'c++ Best practise when passing in arguments to functions [closed]

So I have read a lot of things about people saying const & is always good as it eliminates copying, and passing by value is a bad idea. Then I've also recently read some posts saying const & is bad for basic data type int, string, etc.

So does anyone know what the "best practice" or most efficient method to follow when passing in arguments to a function, both simple data types such as int, double string and also more complex types e.g vectors, objects, and pointers for modern c++?

Thanks.



Solution 1:[1]

To answer this you have to look at the underlying platform. Techniques and practices that work on one may not work on another. So for the sake of this discussion let's focus on x86_64 and passing integral type arguments. Other architectures and calling conventions can be similar.

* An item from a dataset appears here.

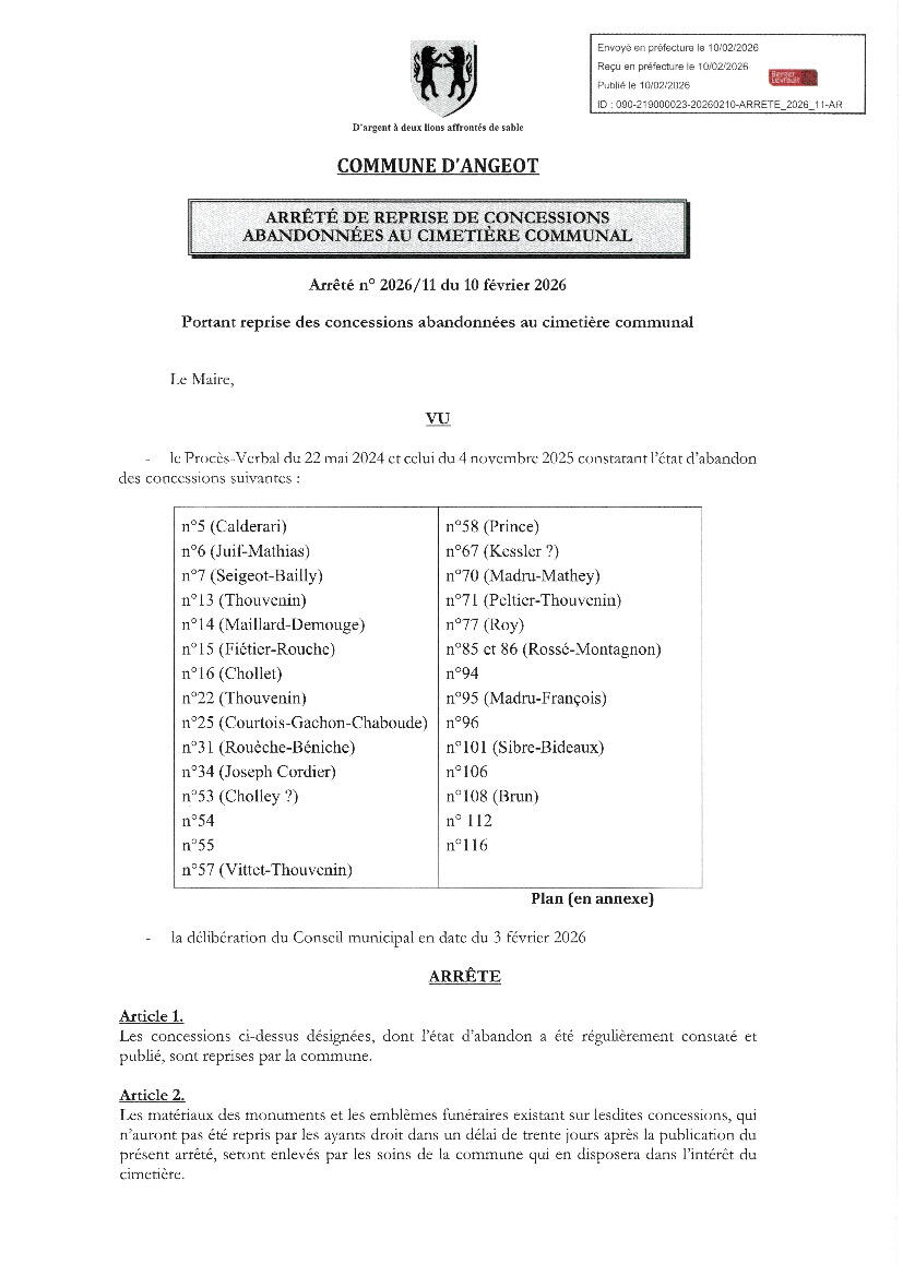 Toute l'actualité de Mairie d'Angeot

The rules are summarized like this:

  1. For integral type objects and floats/doubles pass by value (explanation why below)

  2. For smaller objects like std::optional<> and small structs containing just type 1 values, you can still pass by value.

  3. For any larger object, pass by const reference or reference.

  4. For std::string in particular, use std::string_view in your function as it will allow you to pass a char pointer or char array and no std::string temporary will be created.

  5. Modern C++ introduced "move semantics" and the && operator. This creates other classes of objects that allow you to "take over" the contents of the passed argument instead of making a copy. This technique is very useful for large objects.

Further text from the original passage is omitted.